Renowned security researcher Bruce Schneier has a story up on his blog On the Equifax Data Breach:

Last Thursday, Equifax reported a data breach that affects 143 million US customers, about 44% of the population. It's an extremely serious breach; hackers got access to full names, Social Security numbers, birth dates, addresses, driver's license numbers -- exactly the sort of information criminals can use to impersonate victims to banks, credit card companies, insurance companies, and other businesses vulnerable to fraud.

Many sites posted guides to protecting yourself now that it's happened. But if you want to prevent this kind of thing from happening again, your only solution is government regulation (as unlikely as that may be at the moment).

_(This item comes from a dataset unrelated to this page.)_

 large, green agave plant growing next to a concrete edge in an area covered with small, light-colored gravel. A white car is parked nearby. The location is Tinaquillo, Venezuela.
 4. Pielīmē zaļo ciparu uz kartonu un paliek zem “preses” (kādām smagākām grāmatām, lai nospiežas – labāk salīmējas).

The market can't fix this. Markets work because buyers choose between sellers, and sellers compete for buyers. In case you didn't notice, you're not Equifax's customer. You're its product.

This happened because your personal information is valuable, and Equifax is in the business of selling it. The company is much more than a credit reporting agency. It's a data broker. It collects information about all of us, analyzes it all, and then sells those insights.

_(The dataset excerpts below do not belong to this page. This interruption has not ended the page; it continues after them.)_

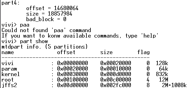 VIVI的分區(qū)跟linux的分區(qū)最好一致,即使不一致,起碼你根文件系統(tǒng)存放位置得跟kernel分區(qū)表一致,而且掛載參數(shù)要正確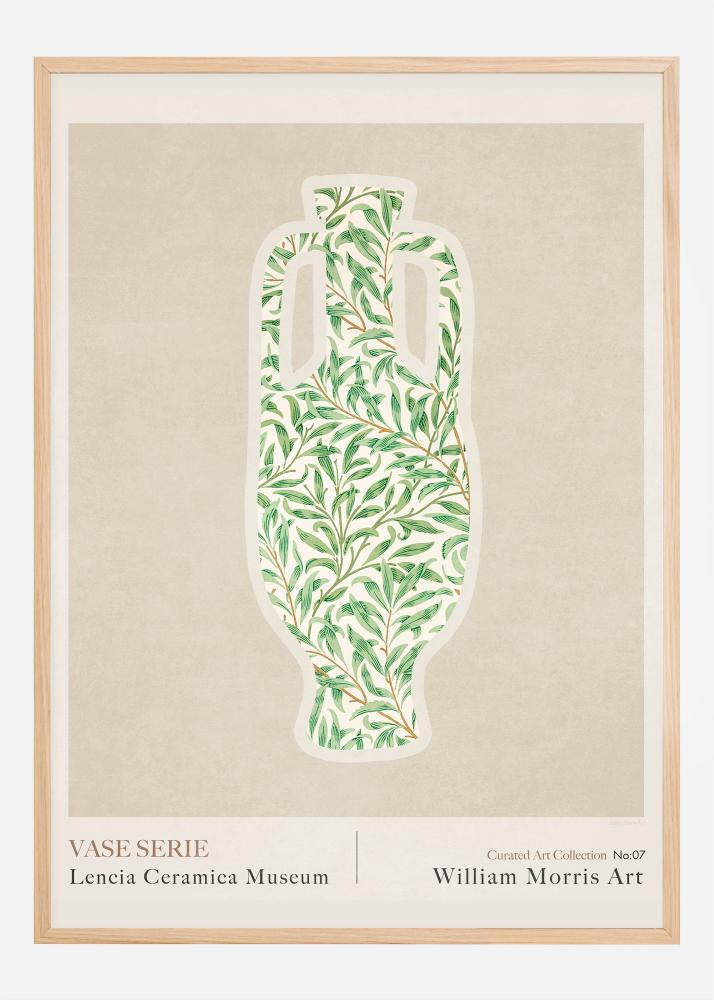 Tämä herkkä ja luonnosta inspiroitunut juliste on numero 07 "Curated Art Collection" -sarjassamme Lencia Ceramica Museosta, joka juhlistaa William Morrisin taiteellista perintöä. Se esittää klassisen vaasin siluetin, joka on täytetty yhdellä Morrisin tunnistettavista vihreistä kasvikuvioista, mikä osoittaa hänen mestarillisen kykynsä yhdistää muoto ja toiminto esteettiseen kauneuteen suunnittelussa. Se on ajaton kunnianosoitus Morrisin visioon ja hänen kykyynsä ottaa inspiraatiota luonnosta ja muuttaa se taiteeksi.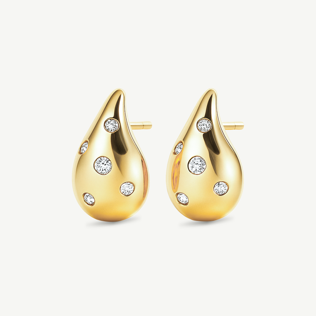 Gli orecchini Bubble a goccia in oro giallo e diamanti incarnano il concetto di lusso contemporaneo.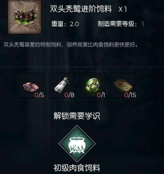 双头秃鹫:肉饲料:225 盐:360 蜘蛛毒囊:45 腐肉:675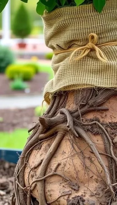 - Транспортировка: Оберните корневой ком влажной мешковиной или пленкой, чтобы предотвратить высыхание. Транспортируйте дерево на телеге или специальном транспорте, избегая повреждений.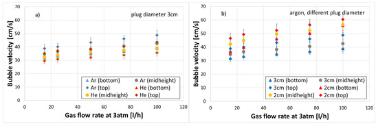 The rising velocities of the bubbles were lower immediately after the plug than at the top of the water model. This can be seen in Figure 4, where the bubble velocities are shown as a function of a distance from the plug, gas flow rate, stirring gas (Figure 4a) and plug diameter (Figure 4b). Increasing the plug diameter reduced the velocity of single bubbles. The registered standard deviations indicated good accuracy and reproducibility of the experiments.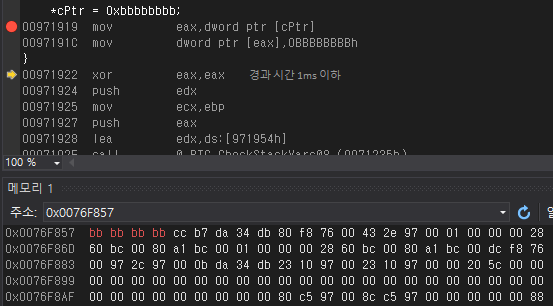 *cPtr = 0xbbbbbbbb; // 4바이트 입력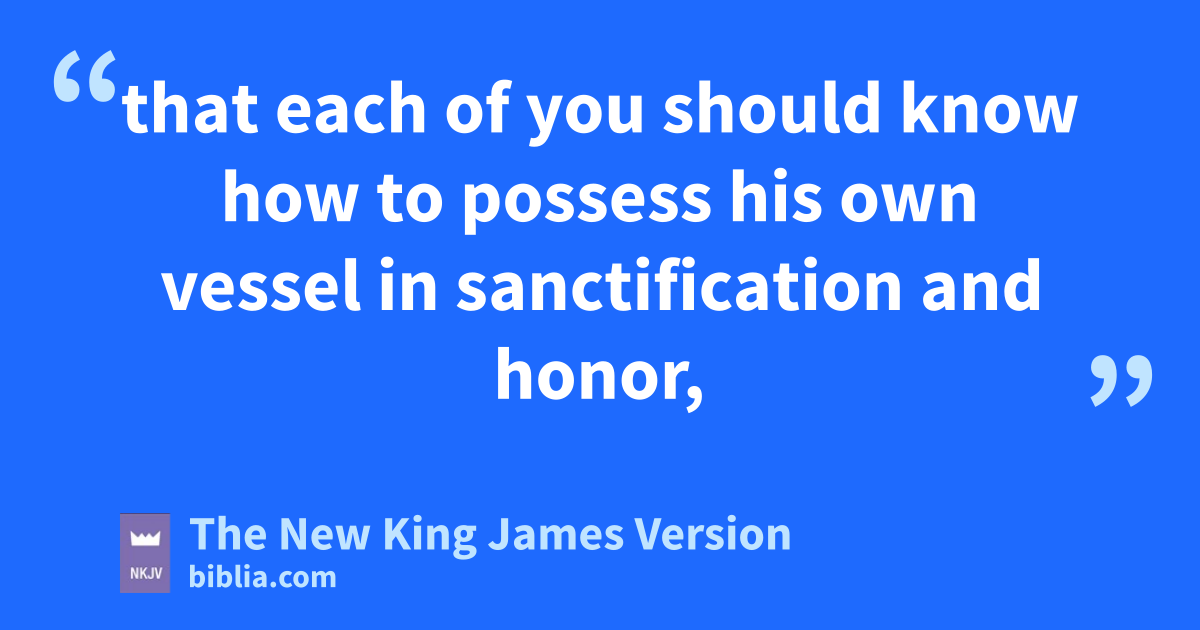 3 For this is cthe will of God, dyour sanctification: ethat you should abstain from sexual immorality; 4 fthat each of you should know how to possess his own vessel in sanctification and honor, 5 gnot in passion of lust, hlike the Gentiles iwho do not know God; 6 that no one should take advantage of and defraud his brother in this matter, because the Lord jis the avenger of all such, as we also forewarned you and testified. 7 For God did not call us to uncleanness, kbut in holiness. 8 lTherefore he who rejects this does not reject man, but God, mwho 1has also given us His Holy Spirit.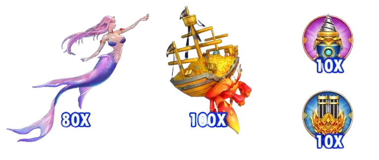 ⬅鑽頭砲:可以獲得基本倍率十倍的講今,並額外獲得一個免費的鑽頭砲,發射之後有機會捕獲路徑上任何一種魚種。

Its customers are people and organizations who want to buy information: banks looking to lend you money, landlords deciding whether to rent you an apartment, employers deciding whether to hire you, companies trying to figure out whether you'd be a profitable customer -- everyone who wants to sell you something, even governments.

It's not just Equifax. It might be one of the biggest, but there are 2,500 to 4,000 other data brokers that are collecting, storing, and selling information about you -- almost all of them companies you've never heard of and have no business relationship with.

Surveillance capitalism fuels the Internet, and sometimes it seems that everyone is spying on you. You're secretly tracked on pretty much every commercial website you visit.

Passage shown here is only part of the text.